= ACTION ITEM =
Copy each line below word for word and drop every image.

= DATA SECTION =

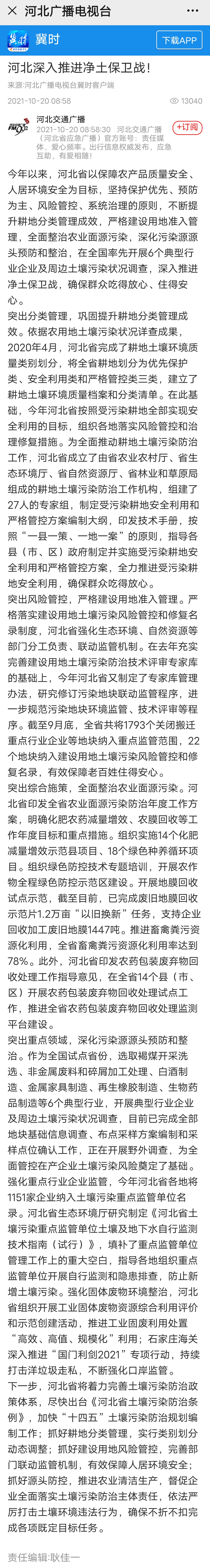 河北广播电视台冀时客户端:河北深入推进净土保卫战!
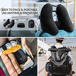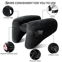 Neck Pillow for Travel Inflatable Airplane Pillow Comfortably Supports Head, Neck and Chin, Inflatable Travel Pillow with Soft Velour Cover and Portable Drawstring Bag (Black)
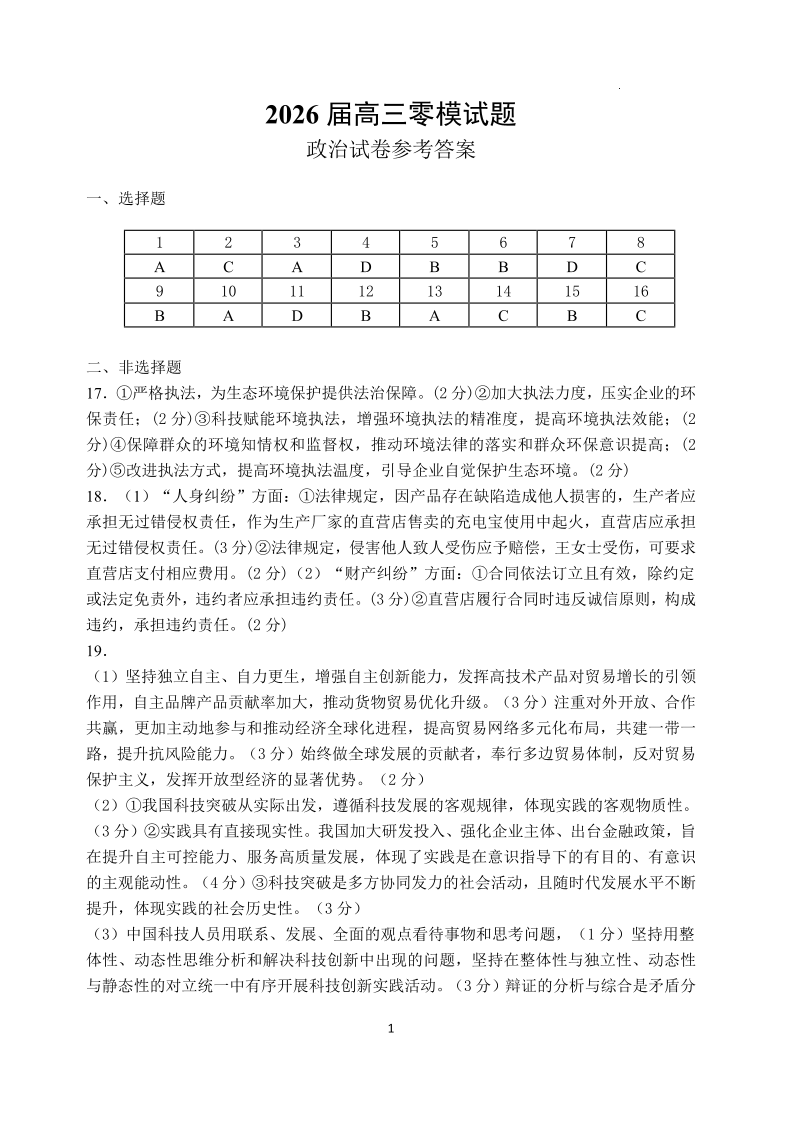 哈尔滨市第一中学、第六中学2026年2月高三零模模拟考试 政治答案.pdf
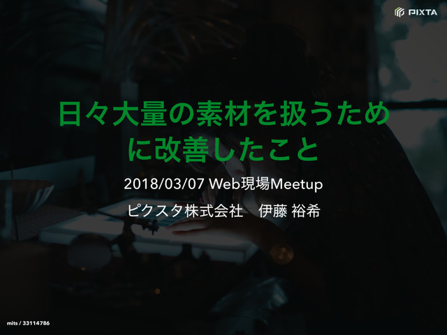ʑେྔͷૉࡐΛѻ͏ͨΊ ʹվળͨ͜͠ͱ 2018/03/07 WebݱMeetup ϐΫελגࣜձࣾɹҏ౻ ༟ر mits / 33114786

= WRITTEN ANSWER =
 河北广播电视台冀时客户端:河北深入推进净土保卫战!
 Neck Pillow for Travel Inflatable Airplane Pillow Comfortably Supports Head, Neck and Chin, Inflatable Travel Pillow with Soft Velour Cover and Portable Drawstring Bag (Black)
 哈尔滨市第一中学、第六中学2026年2月高三零模模拟考试 政治答案.pdf
ʑେྔͷૉࡐΛѻ͏ͨΊ ʹվળͨ͜͠ͱ 2018/03/07 WebݱMeetup ϐΫελגࣜձࣾɹҏ౻ ༟ر mits / 33114786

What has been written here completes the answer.